I still have not decided what to do about that mess but I am not waiting until October to build another desktop and I am not joining Team Guinea Pig for Vista's successor.

Have you ever had a pet peeve that people would not stop irritating for such a lengthy stretch of time that you began to consider getting a tattoo warning people off about it? I would do this about how people confuse the data from social group analyses and misapply it to individuals in every wrongheaded and/or essentialist way possible but I don't think I can pare the theory down to few enough words to fit on my forehead. My back, yes, but then I'd have to meet people topless and backwards and I already confuse them enough as it is. It's kinda funny how I say these things like even if I did them anyone else would give a shit, huh? There is approximately zero chance of any tattoo in any location serving as an effective deterrent of that particular irritation.

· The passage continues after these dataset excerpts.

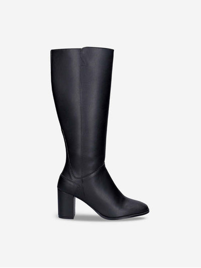Discover the elegance and comfort of the Greta Black high knee boots, perfect for those seeking a sophisticated style without compromising their ethical values. Featuring a modern square toe design and an 8 cm heel, these boots are made from premium non-leather microfiber, combining durability and environmental responsibility.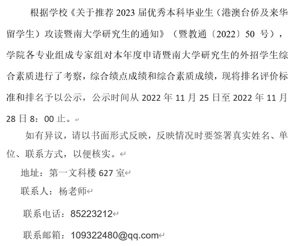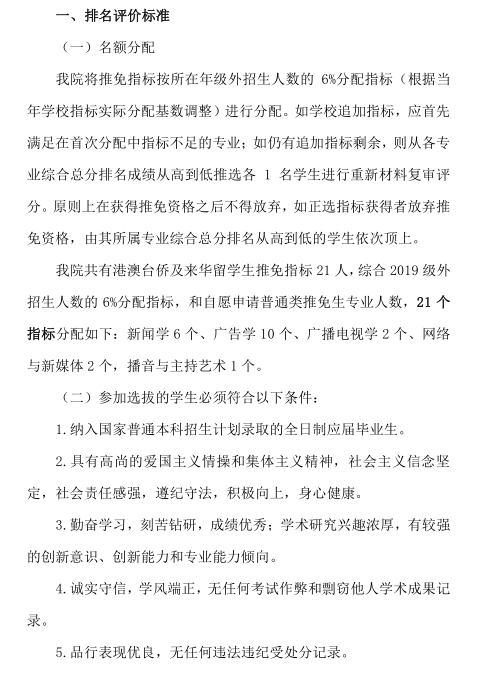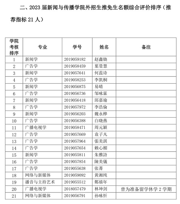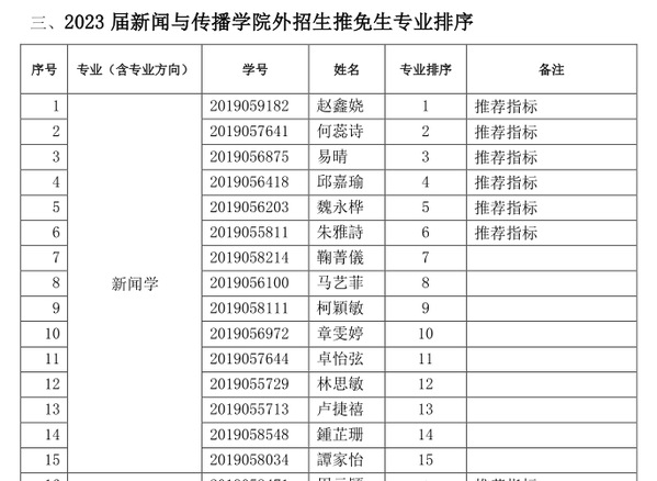 新闻与传播学院2023届外招生遴选推免生排名评价标准和排名公示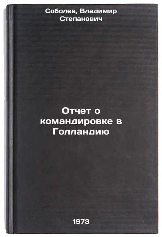 In Russian. Sobolev, Vladimir Stepanovich. Report on his trip to the Netherlands. Moscow: 1973. Otchet o komandirovke v Gollandiyu. In Russian/Report on the mission to the Netherlands. All images are for identification of editions only. Several books of the same edition may be available. Please feel free to request photos of available books. SKU7447885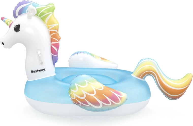 La licorne gonflable Bestway aux couleurs vives, avec ailes et crinière arc-en-ciel, est un choix parfait pour les plaisirs aquatiques estivaux. Grâce à sa structure stable et à ses poignées pratiques, les enfants profitent d’une glisse confortable et de jeux plus sûrs à la surface de l’eau.

Opposite to irritating, I cannot stop hearing this Jimi Hendrix song in my head lately. The album it's on, Bold As Love, is serving as one of the main soundtrack elements to the b-novel I'm scribbling right now, which is one batch of absurdity piled atop the next, very different from the a-novel. But Dolly Mae gotta make sure it's right, so until tomorrow, good night.

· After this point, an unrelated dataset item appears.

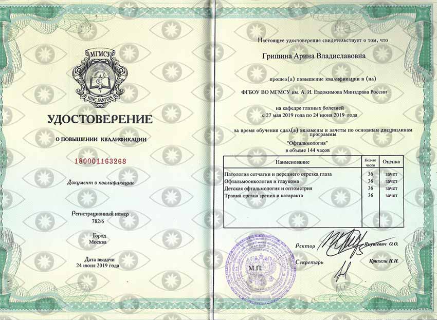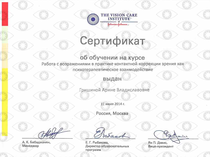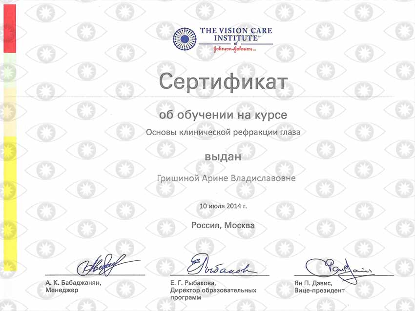 ВНИМАНИЕ: Первичное обследование проводится без контактных линз.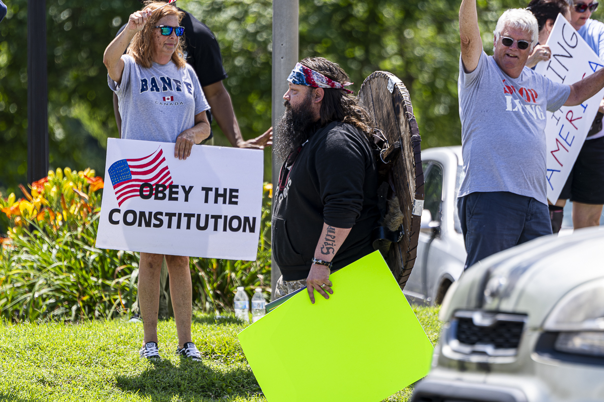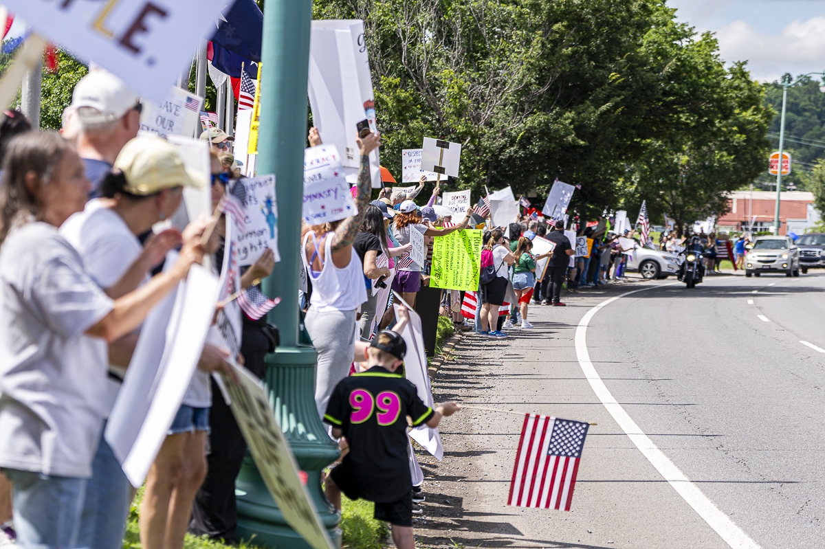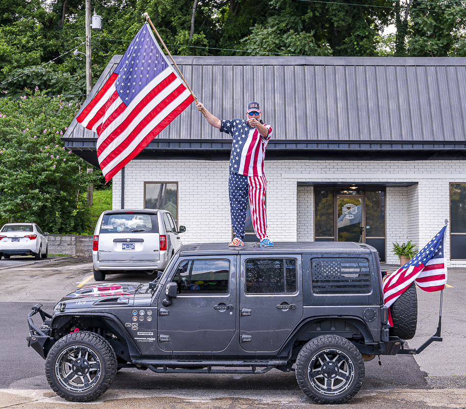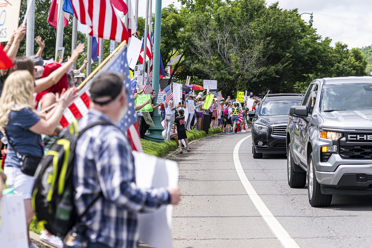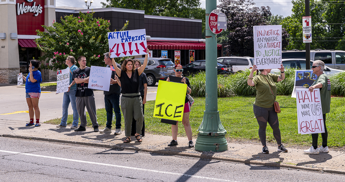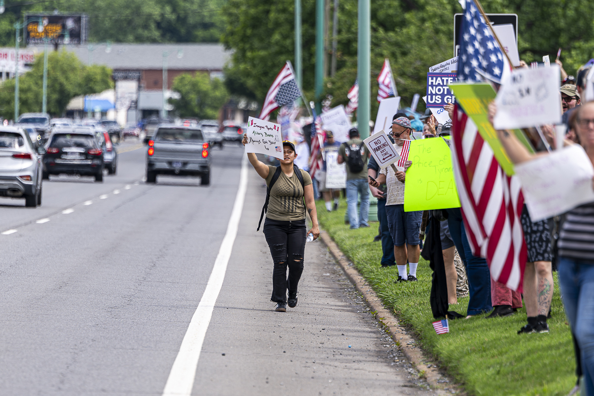 Clarksville Indivisible was created in 2017 by Karen Reynolds, retired Army master sergeant and Clarksville City Council member. Reynolds was the organizer from 2017 until 2020, when she ran for City Council. On Saturday, she walked the line, holding up signs and firing up the protesters.

What strange words stutter from the mixed up minds of you lot?

Labels: , , ,

Saturday, March 14, 2009

Linkbraindump

Jon Stewart rubs me the wrong way sometimes but when the guy gets hot he catches on fire. This thing with Stewart and Jim Cramer that's been smoking around the internet was what everybody thought real news reporting was supposed to look like. If you haven't seen it, you really should. I love when Stewart busts out like that, but, you know, it's on our comedy channel. It's funny 'cause it's soul-crushing.

DOMA might get some cracks in it soonish. This is not the sort of challenge that is likely to overturn it entirely, so I will probably not follow it very closely. I'd have blogged the California thing but I am so fucking sick of talking about marriage. The only reason I even care about it at all is that every time I run the general equality analysis it dumps out that winning marriage is our quickest bestest shot at cresting Equality Hill, and I care very much about equality. Sponserbilities are fustrating.

WTF, FLG? I'm so angry over this story I have written three lengthy posts about it but they are all too ranty to put up. I know people in that town. I do a lot of eyerolling and sighing at the superstitious gay-haters, of course, but imo it's always far worse to be fucked over by someone who's supposed to have your back than by people who run right at you calling it out exactly how it's coming down. In an odd and backhanded way I actually respect some of the people who openly and honestly hate me a lot more than I respect some of the people who think of themselves as queer allies but then treat our equality like a rerun of a television show they didn't even want to watch the first time it was on.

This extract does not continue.